Linguistic Diversity
Summary
Chenai Chair, founder of My Data Rights (Africa) and leader of the Masakhane African Languages Hub, critiques the current rush for linguistic diversity in AI, particularly in the Majority World. She argues that this push is driven by vested interests seeking new markets, posing political and social risks, and sidelining long-standing community efforts. Chair highlights concerns about data safeguards, potential for increased surveillance, and the lack of cultural nuance in Big Tech-led AI datasets, which often miss the social embeddedness of less-resourced languages. She advocates for a collaborative, bottom-up approach that centers communities, drawing lessons from Masakhane's experiences in developing community-led linguistic datasets and emphasizing the importance of building on existing initiatives and sharing resources.
Key takeaway
For AI product managers and policy makers developing language technologies for diverse populations, you should critically evaluate the motivations behind linguistic data collection. Prioritize community-led initiatives and ensure robust data protection and governance frameworks are in place, respecting local social norms and the right of communities to refuse digitization. Your efforts should build on existing work and foster collaborative resource sharing rather than initiating new, extractive data collection drives.
Key insights
The rush for linguistic diversity in AI must prioritize community-led, collaborative approaches over market-driven data extraction.
Principles
- Follow the money to understand investment drivers.

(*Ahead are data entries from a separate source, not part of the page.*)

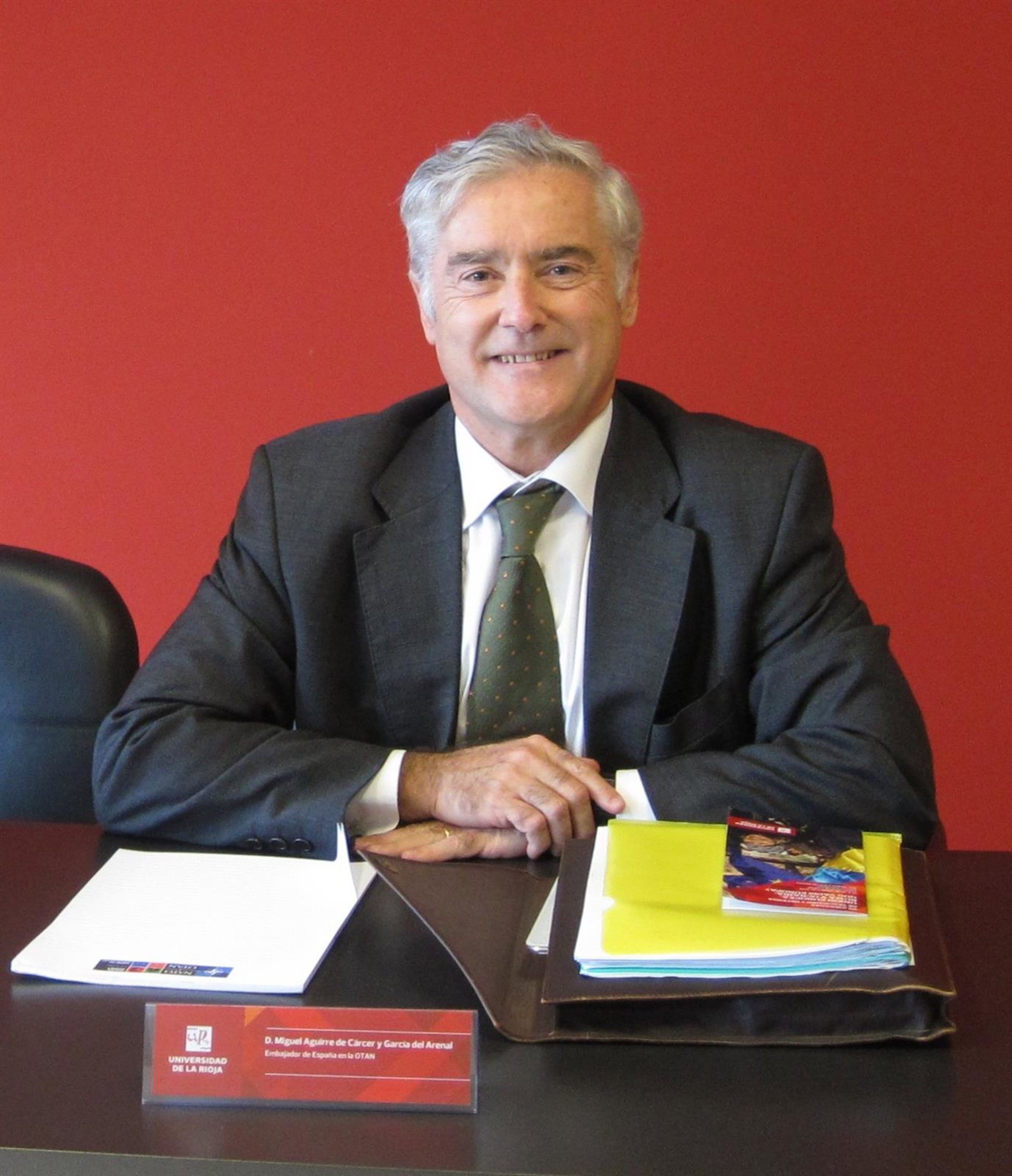 Aguirre de Cárcer participa esta tarde en la apertura de las VII Jornadas de Seguridad y Defensa de la Universidad de La Rioja, que este año se celebran bajo el título 'Unión Europea, Rusia y Ucrania: Quo Vadis Europa?'.
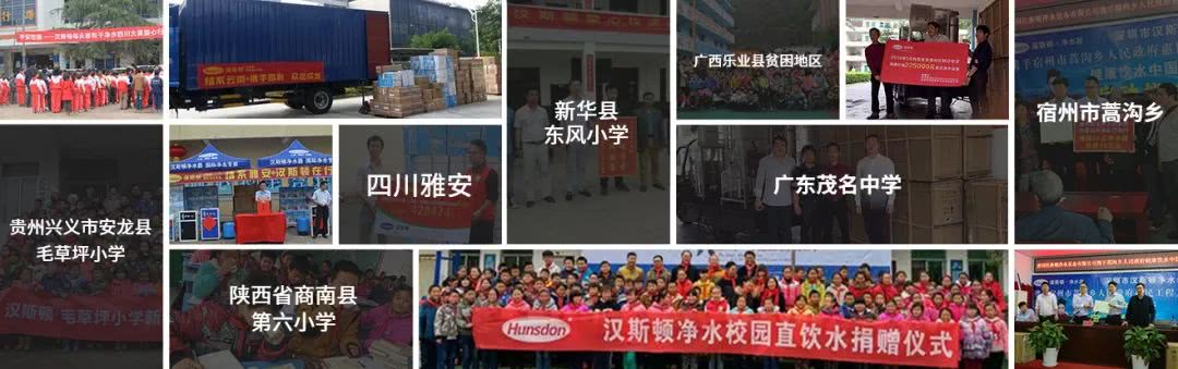 為了讓更多人能喝到健康水,漢斯頓堅持各種公益活動,如:扶貧幫扶活動,漢斯頓向吳堡縣助力10700臺的凈水產品;濟困助學中,漢斯頓走過四川、貴州、湖南、廣西、陜西、甘肅、新疆、云南等省份,助力學子安全飲水,無償捐贈價值億元的凈水設備;在賑災救援中,漢斯頓第一時間做出表率,除了保障災區人民飲水健康的凈水設備,還無償捐贈各類物資;2018下半年,漢斯頓開展“凈化一杯水,助力中國夢”凈水公益,到目前已進行了幾十站,捐贈額度數百萬元……
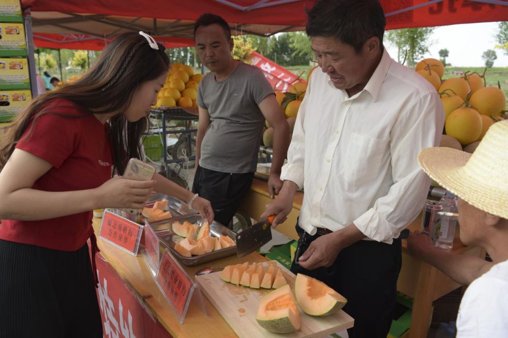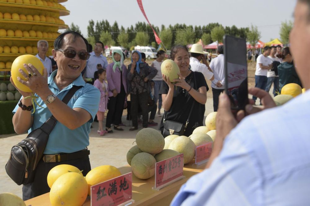 蜜瓜节开始喽!来自甘肃省民勤县收成镇宙和村的村民谢金萍,忙着把麻袋里一个个金灿灿、圆滚滚的蜜瓜拿出来摆在销售展台上,她笑着向游客和客商们介绍:“这几年瓜品种多,这个叫‘金元帅’,甜得很哩。”
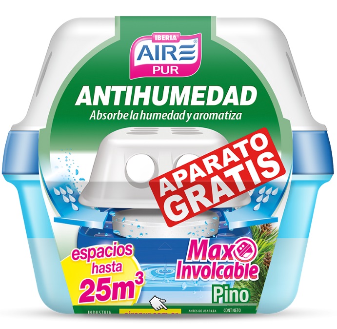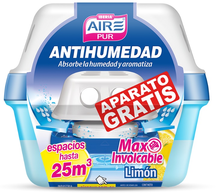 El nuevo Aire Pur® Antihumedad Max Involcable absorbe el exceso de humedad del ambiente y lo deposita en forma de líquido en su recipiente inferior. *Su novedosa tecnología con Repuesto Compact 250g permite una activación inmediata ayudando a disminuir problemas derivados de la humedad (malos olores, manchas de humedad, moho, etc) en cualquier espacio interior de hasta 25m3 (12m2): placares, baños, habitaciones, etc. Posee un exclusivo diseño involcable que evita derrames de líquido si el aparato se voltea accidentalmente. ADEMAS AROMATIZA LOS AMBIENTES. Duración 2-3 meses según condiciones climáticas y humedad relativa del ambiente. ATENCION: Siempre utilice el aparato con repuestos Aire Pur®.
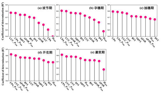 进一步基于小麦光合参数三维空间分布,筛选并新建兼具结构和生理信息的三维光合新指标CPn_P75th和CCC_P75th,这些指标相比于传统遥感指标和农学性状对作物产量表型具有更好的指示能力(图3)。
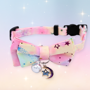 Dreamy Celestial Cat Collar with Bowtie & Bell – Moon & Star Charm (Pink)
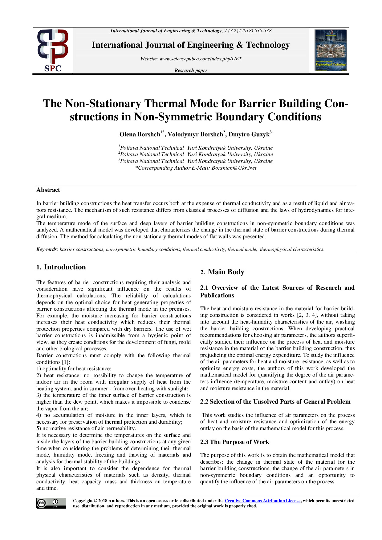 Borshch O.B. The non-stationary thermal mode for barrier building constructions in non-symmetric boundary conditions / O.B. Borshch, V.V. Borshch, D.V. Guzyk // International Journal of Engineering & Technology. - 2018. - Vol. 7, № 3.2 . - P. 535-538.
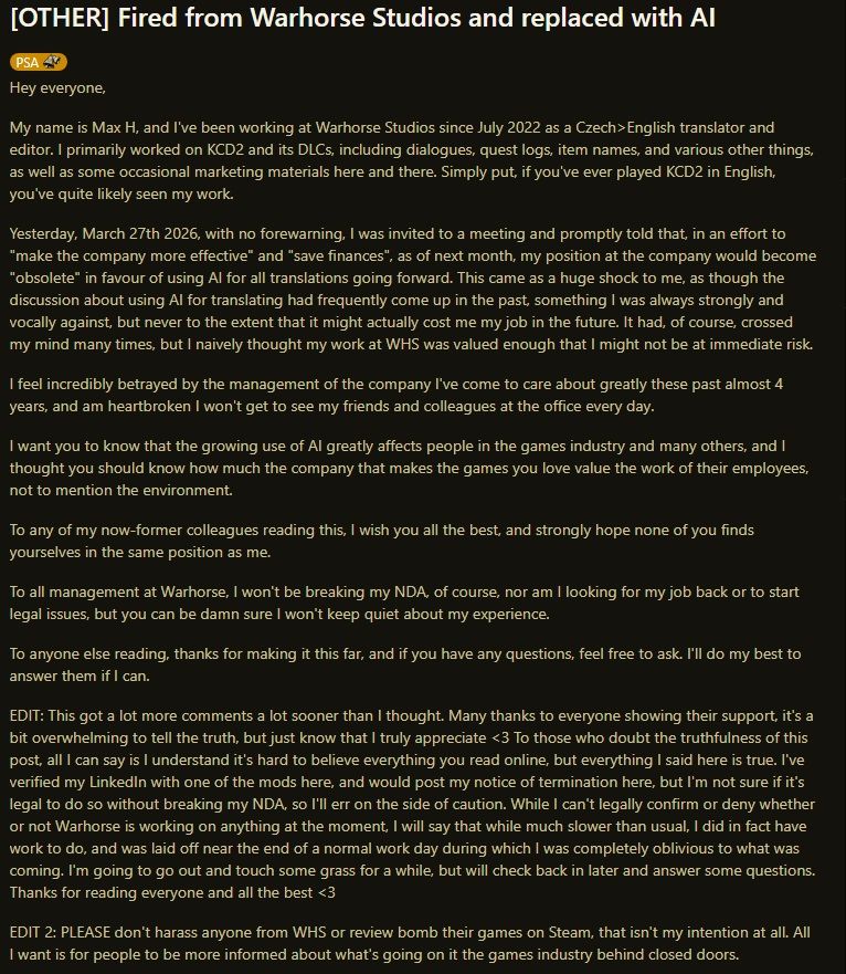 AI แทนงาน กำลังกลายเป็นประเด็นที่ถูกพูดถึงมากขึ้นในหลายอุตสาหกรรม รวมถึงวงการเกม หลังมีกรณีของอดีตพนักงานจาก Warhorse Studios ผู้พัฒนา Kingdom Come: Deliverance ออกมาเล่าว่าถูกเลิกจ้าง และตำแหน่งของเขาถูกแทนที่ด้วยระบบ AI สำหรับงานแปลภาษา
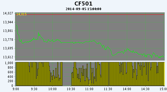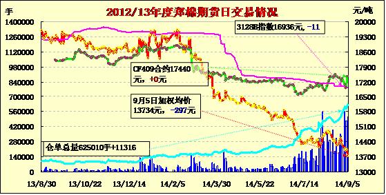 9月5日,鄭棉CF1501合約平開,早盤增倉下滑后橫向整理,午后受空頭賣盤與多頭止損盤打壓下跌,日線形成陰線,日內(nèi)成交量放大,持倉量增加?;久媲闆r:9月1-2日阿克蘇棉區(qū)底桃僅零星吐絮,中期花坐桃率達到70%-80%,長勢較好品種單株棉桃達到12-13個,一些中早熟品種伏期桃已少量吐絮,一般一茬或兩茬采摘就可以結(jié)束,但很多中熟、晚熟品種蓋頂花開得非常好,中期桃子也相對較好,但由于近幾年南疆大多11月上旬下霜,農(nóng)民擔(dān)心大量的蓋頂桃無法吐絮甚至坐桃。近日阿克蘇大部棉區(qū)氣溫13-31度,晝夜溫差拉大,而且個別棉區(qū)陣雨增多,棉花品質(zhì)、長度或?qū)⑾陆?,農(nóng)民大面積采摘預(yù)計要推遲到9月20日-11月中旬,一些棉企表示,由于棉農(nóng)同軋花廠的心理預(yù)期相差近1元/公斤,因此開秤初期農(nóng)民不賣,軋花廠不敢收的僵持時間或比較長,不排除出現(xiàn)棉農(nóng)“賣棉難”的情況。
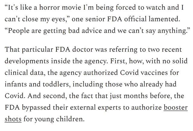 As you look through this, please keep in mind that the FDA has approved three doses of these mRNA vaccines for administration to all of our 5-11 year old children. Under emergency use authorization, of course. Even though there is no medical emergency.
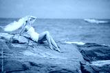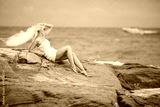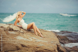 bride in short wedding dress on the rocky beach. young beautiful woman in wedding day.
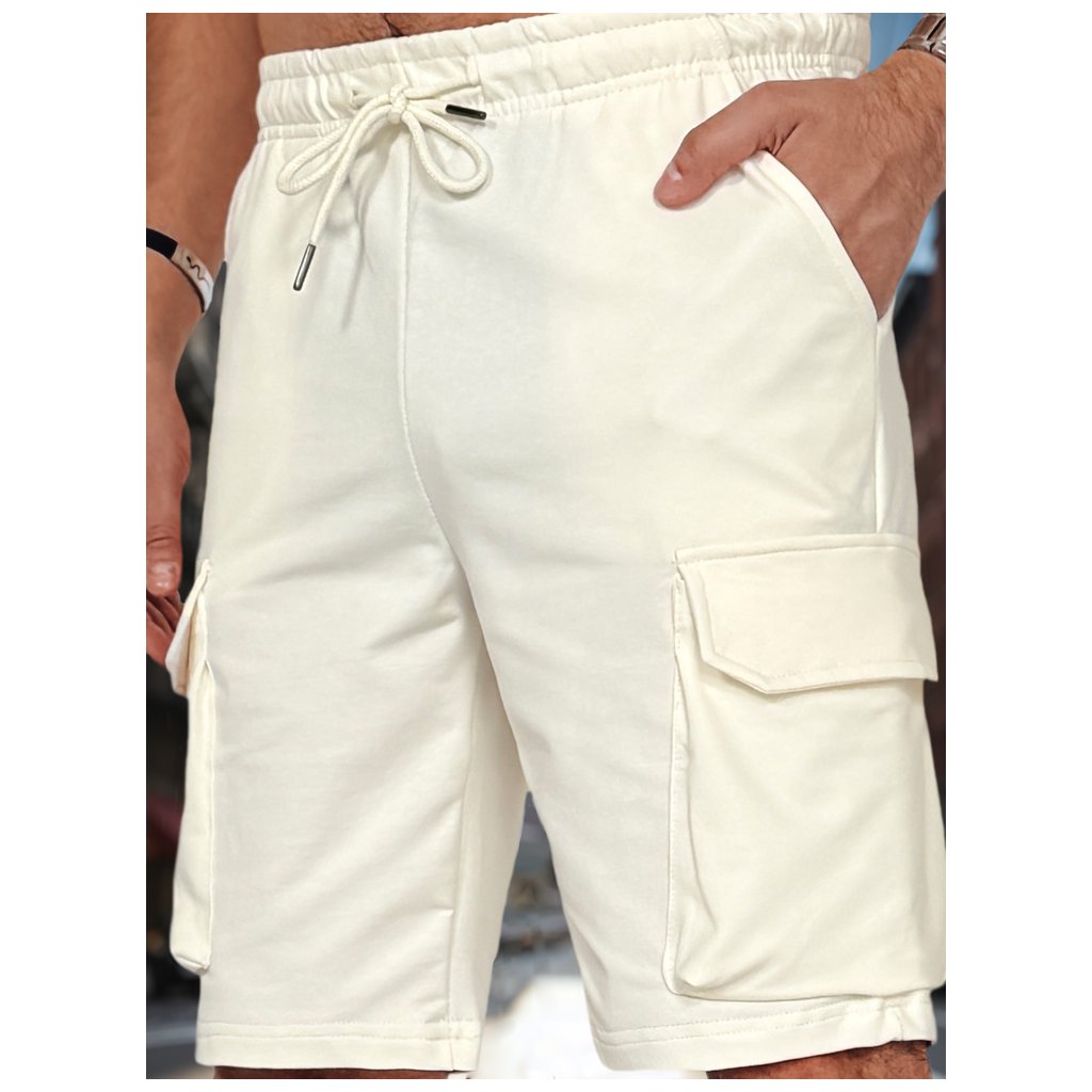 Tato pánská tepláková souprava kombinuje pohodlí s módním městským stylem. Tričko s krátkým rukávem má ozdobnou kapsu na rameni, zatímco cargo kraťasy mají čtyři kapsy a elastický pas s nastavitelnou šňůrkou. Vyrobeno z měkké látky, ideální pro jarní dny a každodenní městské aktivity.

- Language digitization requires robust safeguards and governance.
- Community consent is paramount, including the right to refuse.
Method
Masakhane's community-led approach involves grassroots participation in dataset design, integrating linguists, sociologists, community speakers, and respecting social norms, including the right to refuse digitization.
In practice
- Engage state-recognized language councils.
- Collaborate with diverse stakeholders beyond technologists.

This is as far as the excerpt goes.